Within eleven years, 1555-1566 — Calvin died in 1564 — it is known that Geneva sent one hundred sixty-one pastors into France; how many more may have gone unrecorded we cannot tell. And they were learned men, strenuous, fearless, praised by a French bishop as modest, grave, saintly, with the name of Jesus Christ ever on their lips. Charles IX implored the magistrates of Geneva to stop the supply and withdraw the men already sent; but the magistrates replied that the preachers had been sent not by them, but by their ministers, who believed that the sovereign duty of all princes and kings was to do homage to Him who had given to them their dominion. It was small wonder that the Venetian Suriano should describe Geneva as “the mine whence came the ore of heresy”; or that the Protestants should gather courage as they heard the men from Geneva sing psalms in the face of torture and death.

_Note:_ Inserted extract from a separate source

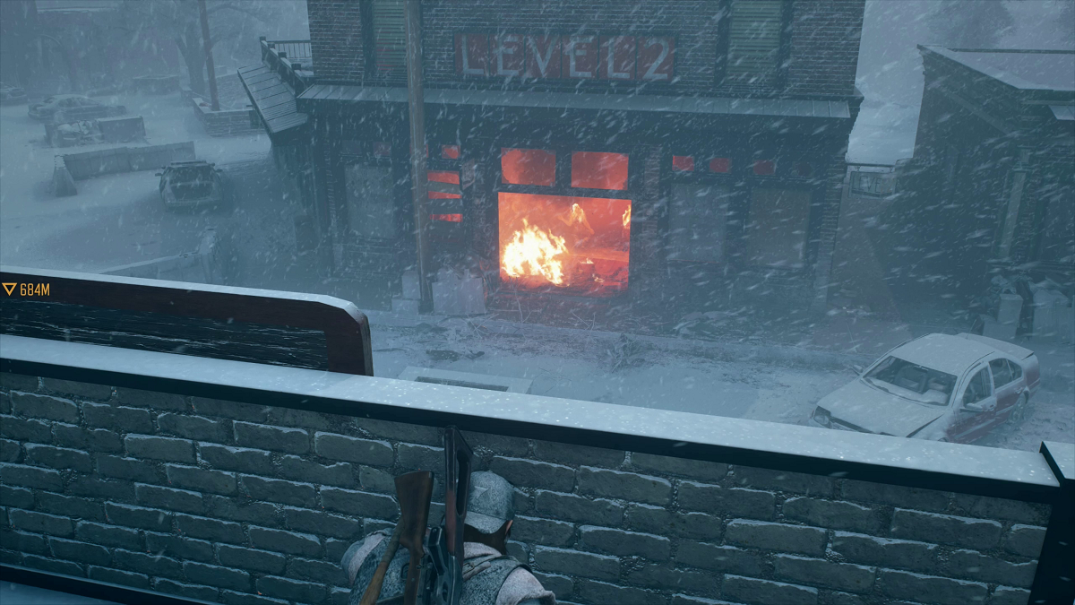 Travel to Sherman’s Camp and enter it at the gas station end the one off of Roberts Bridge Rd and park your bike at that end of the camp somewhere. The horde is in the Level 2 building, across the road is a clothes store that has a ladder in the back that will get you onto the roof. There’s a med kit and a Molotov on the HVAC unit, there is a section of brick wall and the store sign that provide good cover. It was snowing on the day I made this video but you can just see the horde inside the Level 2 building. I used 6 Molotov cocktails and 3 pipe bombs, after all that I still had 1 Freaker to take out. The horde didn’t know I was up there so this is one of the easier hordes to Kill, it pays 3000XP, 1900 credits, 600 point gain in camp trust, and the Horde Killer story line will be updated.

It was indeed a very different France which the eyes of the dying Calvin saw from that which the young man had seen thirty years before. Religious hate was even more bitter and vindictive; war had come and made persecution more ferocious; but the Huguenots had grown numerous, potent, respected, feared, and disputed with Catholicism the supremacy of the kingdom. And Calvin had done it, not by arms nor by threats, nor by encouragement of sedition or insurrection — to such action he was ever resolutely opposed — but by the agency of the men whom he formed in Geneva, and by their persuasive speech. The reformed minister was essentially a preacher, intellectual, exegetical, argumentative, seriously concerned with the subjects that most appealed to the serious-minded.

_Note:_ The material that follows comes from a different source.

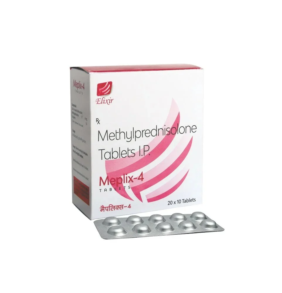 Generic Name: Methylprednisolone 4 mg Brand: MEPLIX 4 mg Tablet Dosage Form: Oral tablet Strength: 4 mg per tablet Therapeutic Class: Glucocorticoid corticosteroid (anti‑inflammatory and immunosuppressant) Active Ingredient Methylprednisolone – 4 mg A corticosteroid that reduces inflammation and suppresses immune system activity. How It Works MEPLIX 4 mg works by blocking the release of chemicals in the body that cause inflammation (redness, swelling) and allergic reactions. It also suppresses the immune system, making it useful in conditions caused by immune system overactivity. Meplix 4mg Tablet is a corticosteroid used to treat inflammatory, allergic, and autoimmune conditions like arthritis, lupus, asthma, and severe allergies by suppressing the immune system. It reduces swelling, pain, and itching by inhibiting inflammatory substances. Common uses include treating skin diseases, eye disorders, and ulcerative colitis. Allergic Conditions: Treatment of severe allergies, including allergic reactions. Inflammatory Diseases: Manages conditions like arthritis, lupus (systemic lupus erythematosus), and ulcerative colitis. Respiratory Issues: Used for asthma and other breathing problems. Skin and Eye Disorders: Treats various, often severe, skin (e.g., psoriasis) and eye conditions. Immune System Suppression: Reduces immune response in autoimmune disorders. MEPLIX 4 mg Tablet is used to treat a wide range of inflammatory and immune‑related conditions, including: Allergic conditions (e.g., severe allergic reactions, asthma flare‑ups) Rheumatic and autoimmune disorders (e.g., rheumatoid arthritis, lupus) Skin disorders (e.g., eczema, psoriasis) Eye inflammations (e.g., allergic eye reactions) Systemic lupus erythematosus (SLE) Other conditions where inflammation and immune response need to be controlled Allergic Conditions Severe allergies, hay fever, asthma flare-ups, and other allergic reactions. Inflammatory Disorders Rheumatoid arthritis, osteoarthritis flare-ups, lupus, and other autoimmune diseases. Reduces joint pain, swelling, and stiffness. Skin Disorders Eczema, psoriasis, dermatitis, and other inflammatory skin conditions. Eye Inflammations Allergic conjunctivitis and other inflammatory eye conditions. Respiratory Conditions Asthma, COPD exacerbations, and other inflammatory lung conditions. Other Immune-Related Conditions Conditions where the immune system is overactive, such as systemic lupus erythematosus (SLE) or certain blood disorders.

Modern oratory may be said to begin with him, and indeed to be his creation. He helped to make the vernacular tongues of Western Europe literary. He accustomed the people to hear the gravest and most sacred themes discussed in the language which they knew; and the themes ennobled the language, the language was never allowed to degrade the themes. And there was no tongue and no people that he influenced more than the French. Calvin made Bossuet and Massillon possible; as a preacher he found his successor in Bourdaloue; and a literary critic who does not love him has expressed a doubt as to whether Pascal could be more eloquent or was so profound. And the ideal then realized in Geneva exercised an influence far beyond France. It extended into Holland, which in the strength of the reformed faith resisted Charles V and his son, achieved independence, and created the freest and best educated state on the continent of Europe.

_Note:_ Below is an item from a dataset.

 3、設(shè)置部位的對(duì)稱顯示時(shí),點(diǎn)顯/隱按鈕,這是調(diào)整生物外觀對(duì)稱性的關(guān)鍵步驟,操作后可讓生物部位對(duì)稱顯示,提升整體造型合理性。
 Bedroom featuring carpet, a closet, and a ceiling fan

John Knox breathed for a while the atmosphere of Geneva, was subdued into the likeness of the man who had made it, and when he went home he copied its education and tried to repeat its reformation. English reformers, fleeing from martyrdom, found a refuge within its hospitable walls, and, returning to England, attempted to establish a Genevan discipline, and failed, but succeeded in forming the Puritan character. If the author of the Ordonnances ecclésiastiques accomplished, whether directly or indirectly, so much, we need not hesitate to term him a notable friend to civilization.